7. Committee meetings and quorum
(a) The Executive Committee must meet at least 3 times in each period of 12 months at such place and time as the committee may determine.
(b) Additional meetings of the committee may be convened by the President or by any member of the committee.
(c) All executive committee meetings will be minuted
(d) Regular members of the Association, upon approval of the committee, may attend these meetings.
(e) In-Camera: While transparency is important for the work of any committee, there may be times when a portion of the meeting is conducted in privacy or ‘in-camera’. The minutes and business of this portion are recorded and kept separately from the meeting minutes. Non-committee members may be asked to leave the meeting during an in-camera session. A motion must be presented to move the meeting in-camera, and out of the camera.
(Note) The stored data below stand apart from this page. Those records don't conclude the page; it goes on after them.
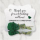 Ces belles étiquettes de faveur sont une façon merveilleuse de remercier les membres de votre fête de mariage, les invités spéciaux, ou les membres de votre famille. Le design élégant présente une belle photo d'un seul rose vert émeraude à long tige réfléchissant dans un bassin d'eau. La calligraphie de script fantaisie dit "Merci pour célébrer avec nous !" avec espace pour vos noms/signature ci-dessous.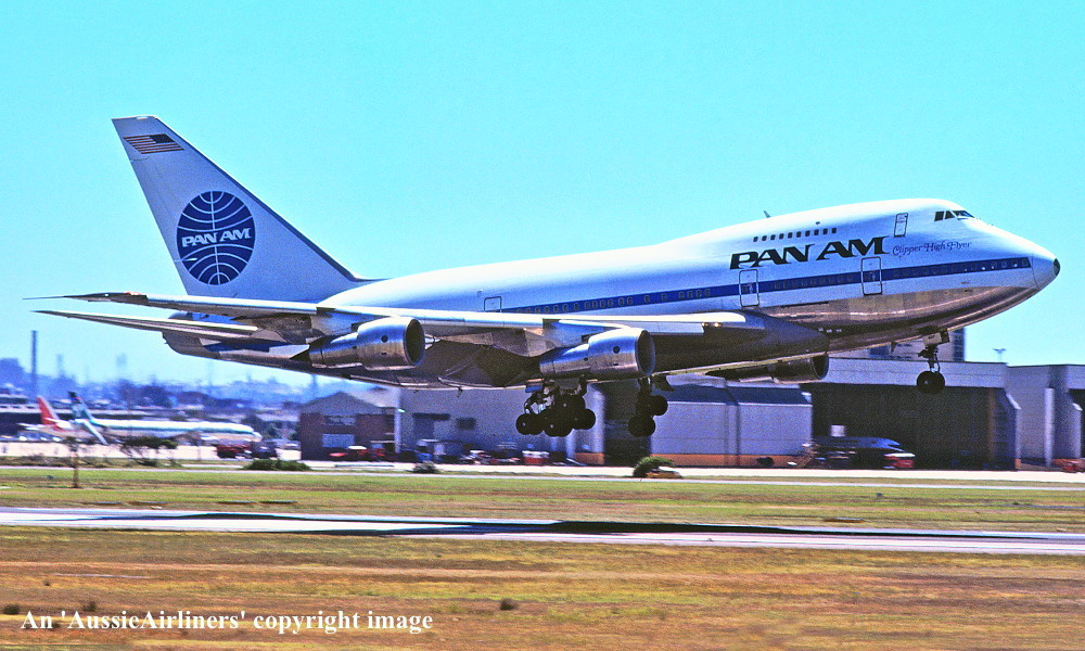 N537PA. Pan Am - 'Clipper High Flyer' in the original livery at Sydney Kingsford Smith Airport, April 1979. (R. N. Smith Copyright Image 4635-498.) |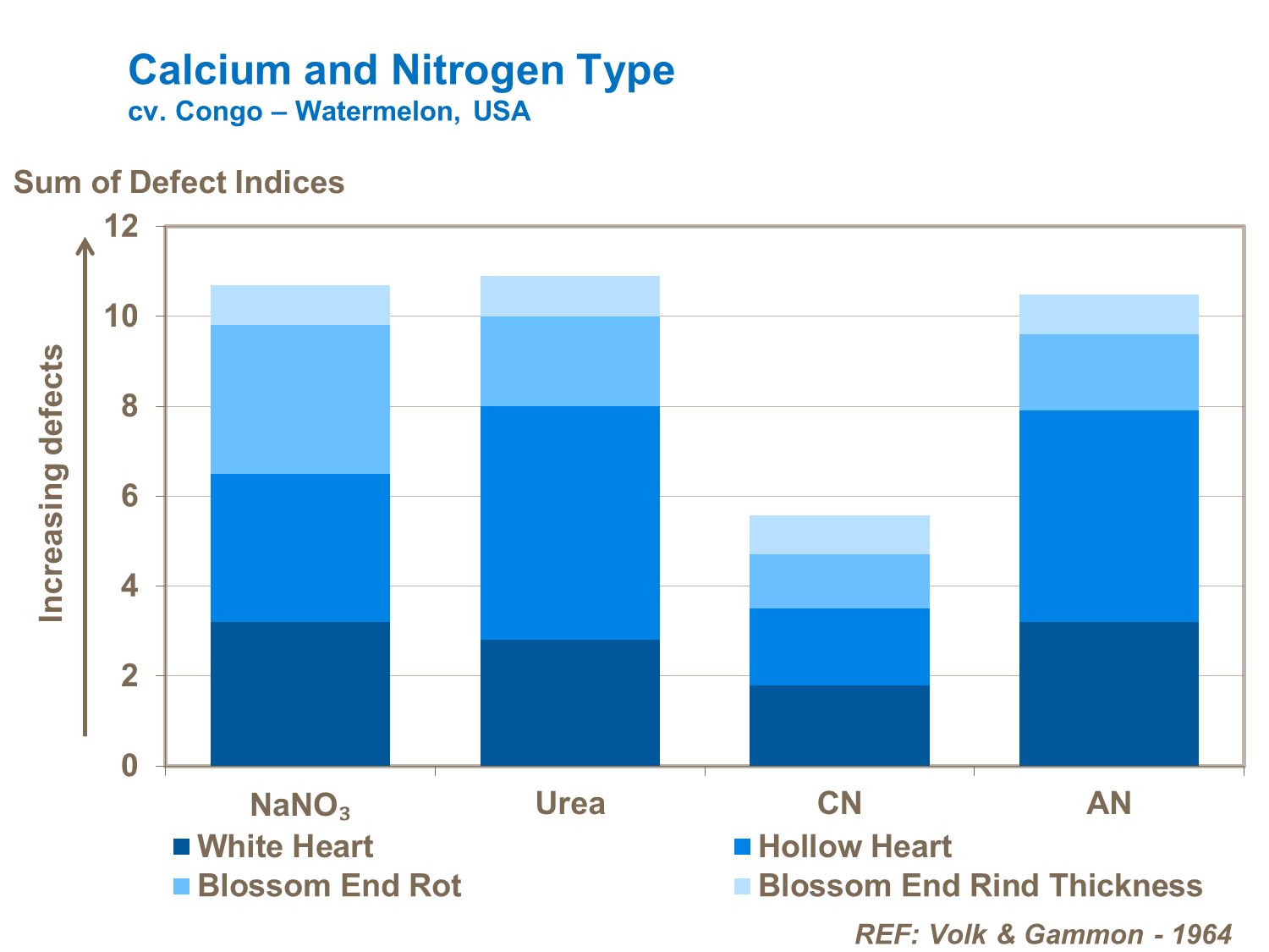 Fertilizer formulation also has a significant effect on quality characteristics and fruit disorders. Trials confirm that calcium nitrate is particularly effective at ensuring good fruit quality (cv. Congo - Watermelon, USA). This is largely because ammonium based fertilizers are antagonistic to calcium uptake. They also reduce soil pH and slow water uptake.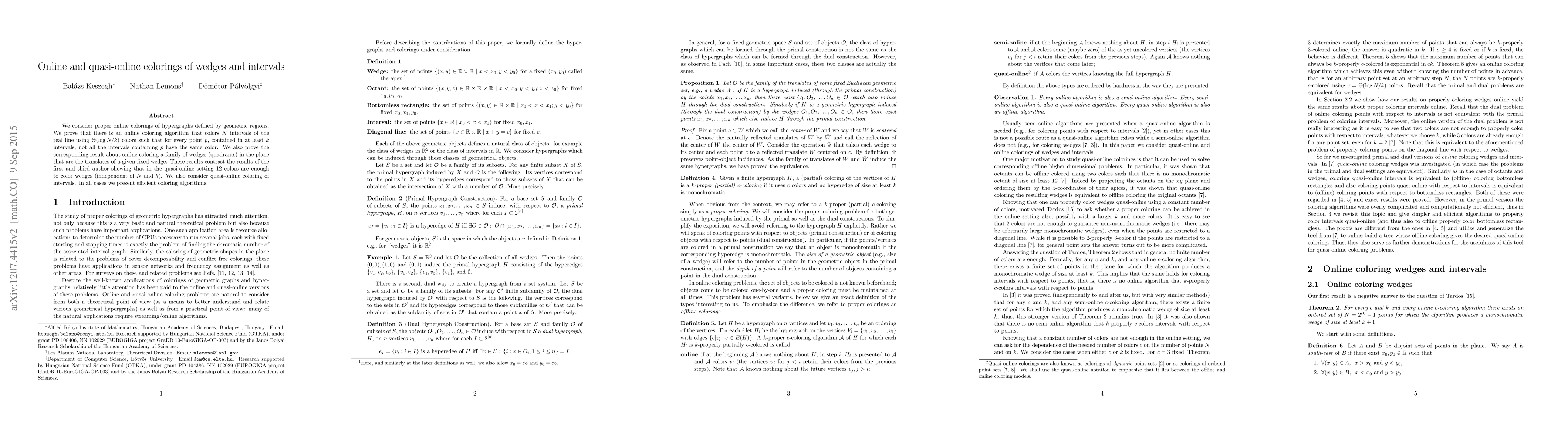 We consider proper online colorings of hypergraphs defined by geometric regions. We prove that there is an online coloring algorithm that colors $N$ intervals of the real line using $\Theta(\log N/k)$ colors such that for every point $p$, contained in at least $k$ intervals, not all the intervals containing $p$ have the same color. We also prove the corresponding result about online coloring a family of wedges (quadrants) in the plane that are the translates of a given fixed wedge. These results contrast the results of the first and third author showing that in the quasi-online setting 12 colors are enough to color wedges (independent of $N$ and $k$). We also consider quasi-online coloring of intervals. In all cases we present efficient coloring algorithms.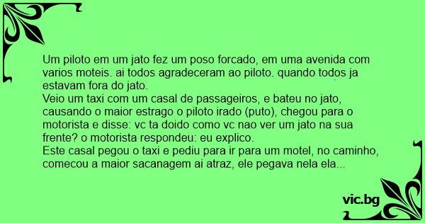 Veio um taxi com um casal de passageiros, e bateu no jato, causando o maior estrago o piloto irado (рuто), chegou para o motorista e disse: vc ta doido como vc nao ver um jato na sua frente? o motorista respondeu: eu explico.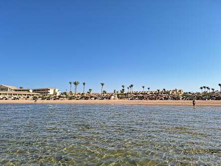 Blick aufs Hotel vom Meer aus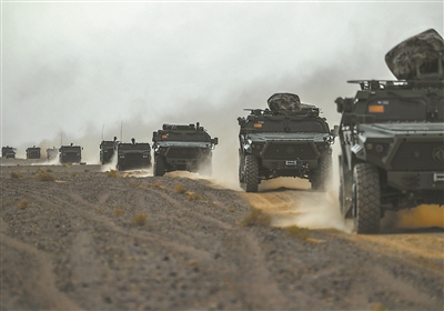 熱浪滾滾,飛沙漫天。官兵克服惡劣天候帶來的不利影響,向指定地域急速開進。突然,偵察分隊報告前方發(fā)現(xiàn)“敵”工事。面對突如其來的“敵情”,指揮員當機立斷,決定采取行動摧毀目標。一聲令下,官兵迅速占領有利打擊陣位,一門門戰(zhàn)炮昂首列陣……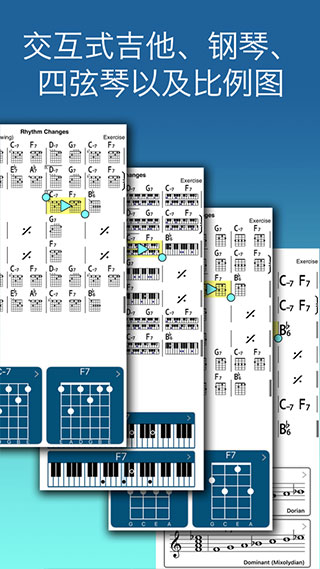 3、显示每首乐曲中的和弦建议音阶以帮助即兴。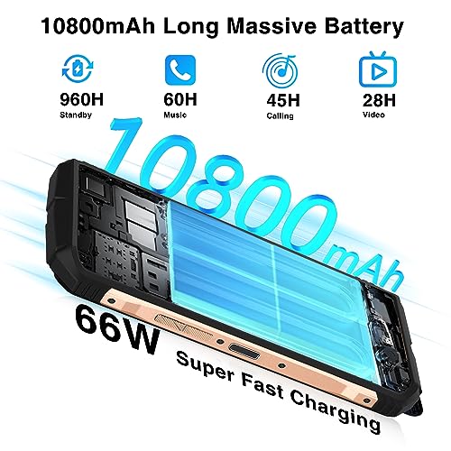 【10080 mAh + 66W Schnellladung + OTG-Rückwärtsladung】outdoor handy 2024 DOOGEE V31GT 10800 mAh Hochleistungsakku, bis zu 960 Stunden Standby-Zeit, 47 Stunden Musikzeit, 60 Stunden Sprechzeit, 28 Stunden Videozeit und kann innerhalb von 30 Stunden aufgeladen werden Minuten Auf 50 % aufladen bei 66 W. Das outdoor smartphone ohne vertrag DOOGEE V31GT fungiert über das OTG-Kabel als mobile Stromversorgung, zum Aufladen anderer Mobiltelefone, Uhren und Kopfhörer verwendet werden kann.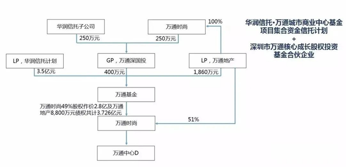 华润信托子公司与万通时尚成立“万通深国投”(400万元)作为GP,华润信托计划(3.5亿元)和万通地产(1,860万元)作为LP设立万通基金。

(f) Oral, Email or written notice of a meeting of the committee must be given by the Secretary to each member of the Executive and the Audit Committees at least 72 hours (or such other period as may be unanimously agreed on by the members of the committee) before the time appointed for the holding of the meeting.
(g) A majority of members of a committee constitutes a quorum for any meeting.
(i) Effect of a vacancy on quorum: A vacancy on the committee is not counted in determining whether a quorum is present.
(h) No business is to be transacted by the committee unless a quorum is present and if within half an hour of the time appointed for the meeting, a quorum is not present, the meeting is to be dissolved.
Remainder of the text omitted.